Les 7 merveilles de la mécanique quantique



feynman mécanique quantique_300
La mécanique quantique, c’est cette branche de la physique qui décrit la manière dont se comportent les objets microscopiques : les molécules, les atomes ou les particules.
Développée pendant la première moitié du XXème siècle, la mécanique quantique est un des piliers de la science contemporaine. Et pourtant, il s’agit aussi probablement de la plus étrange théorie jamais imaginée.
En effet, la mécanique quantique regorge de mystères, de surprises et de paradoxes qui nous obligent à revoir la manière dont nous concevons la matière, et même la physique en général.
Cette théorie est d’ailleurs tellement bizarre que l’un de ses plus fameux contributeurs, le physicien Richard Feynman (ci-dessus), disait à son propos:
« Si vous croyez comprendre la mécanique quantique, c’est que vous ne la comprenez pas ».
Nous voici prévenus ! Mais essayons quand même d’y voir plus clair. Aujourd’hui, je vous propose donc un tour d’horizon des 7 merveilles et mystères de la mécanique quantique. Âmes sensibles, vous pouvez rester, je vous promets de ne pas employer de connaissances au delà du lycée !

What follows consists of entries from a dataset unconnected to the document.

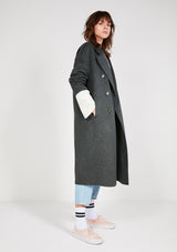 The Dadoulove Coat is unique with its double-sided fabric. Its rounded loose fit combine casual wear and fashion for a naturally sophisticated look. It is warm and ideal for the beginning of the season.
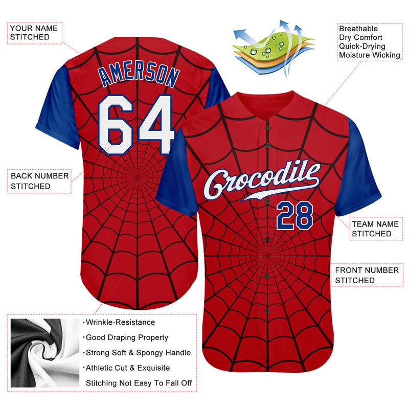 Custom Red White-Royal 3D Pattern Design Spider Web Authentic Baseball Jersey
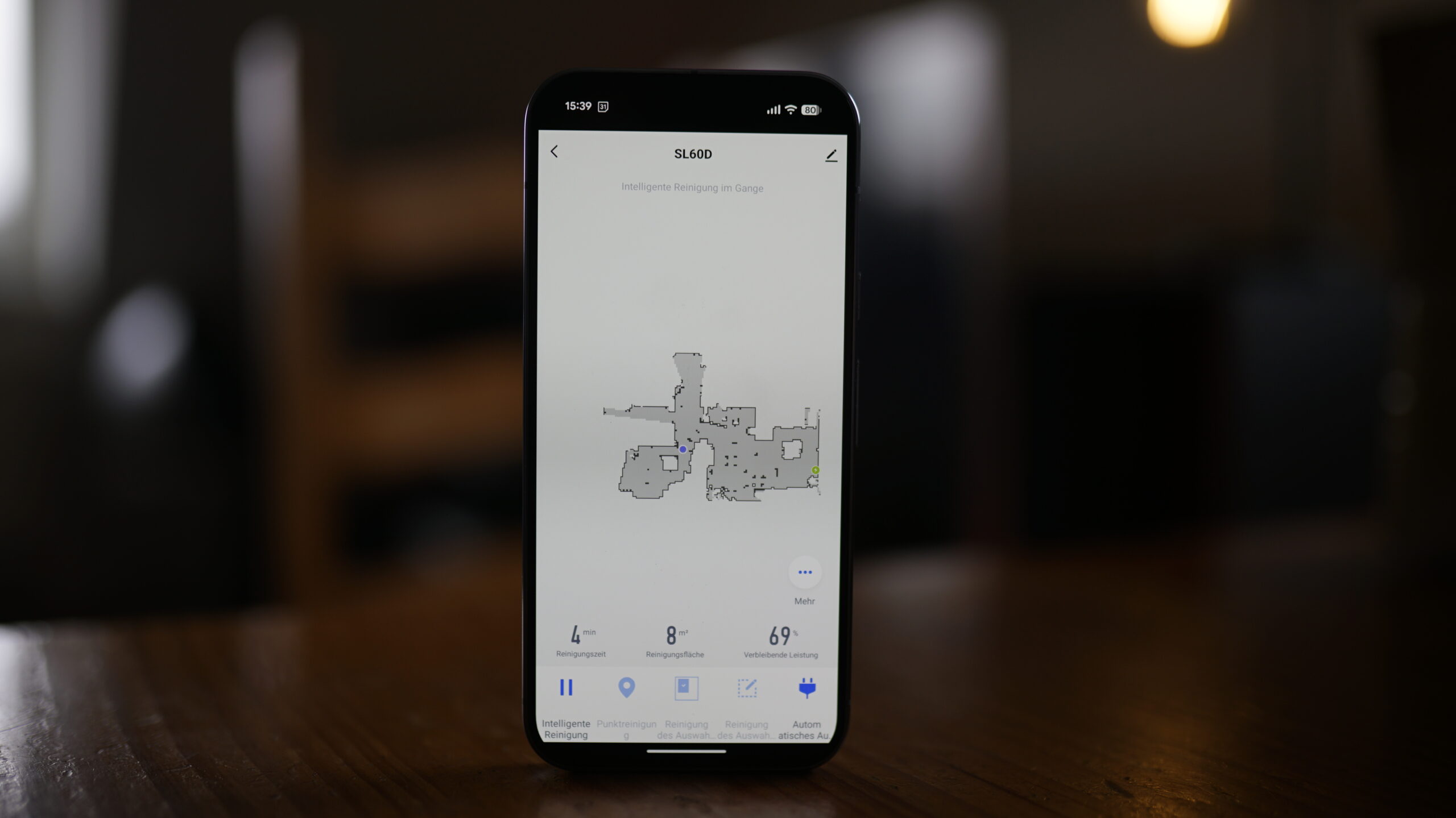 Letztendlich funktionierte die Kartierung flott und präzise. Schwächen zeigt das Gerät jedoch bei der Navigation und dem robusten Umgang mit Möbeln oder Wänden. Diese Resolutheit kommt dem SL60D bei Türschwellen wiederum entgegen: Hier hatte er keinerlei Probleme und schnitt in meiner Wohnung besser ab als einige deutlich teurere Konkurrenzmodelle. Auch auf meinen Teppich fuhr er jederzeit mühelos.

1. Le principe de superposition

ballon_électron
Quand on étudie le mouvement des objets du quotidien, par exemple un ballon de foot, on considère des quantités bien définies : sa vitesse, sa position, sa vitesse de rotation ou son énergie.
On ne sait pas forcément mesurer très exactement ces quantités, mais on sait qu’elles existent et qu’elles ont des valeurs précises. A un instant donné, le ballon de foot est dans un état bien défini. Ça, c’est la mécanique dite "classique", c’est-à-dire celle des objets normaux.
Mais pour les objets microscopiques, tout change ! Contrairement au ballon de foot, une particule microscopique peut être dans un mélange de plusieurs états. Aussi incroyable que cela paraisse, cela veut dire qu’un électron peut par exemple posséder à la fois deux vitesses, ou être à deux endroits différents à la fois. Voire même plus de deux endroits !
Pour désigner le fait qu’en mécanique quantique, les objets peuvent être dans plusieurs états à la fois, on parle du principe de superposition.
chat_schrödinger_mort_vivant
Les physiciens ont une notation bizarre pour désigner ça, il décrivent les états avec des sortes de crochets comme celui-ci |\ \ \ >, et pour superposer des états ils  les additionnent.
Vous avez certainement déjà entendu parler de cette étrange superposition à travers l’exemple du fameux chat de Schrödinger, ce chat « fictif » qui serait à la fois mort et vivant. En utilisant cette notation entre crochets, on pourrait écrire :
|Chat> = | Mort > + | Vivant >
Bien sûr, l’exemple du chat n’est pas très réaliste, car je vous l’ai dit cette situation ne peut se produire que pour les objets microscopiques. Et heureusement ! Vous imaginez si le ballon de foot pouvait se trouver à la fois derrière et devant la ligne de but !
Vous allez voir que de cette simple idée de superposition des états découlent toutes les étrangetés de la mécanique quantique.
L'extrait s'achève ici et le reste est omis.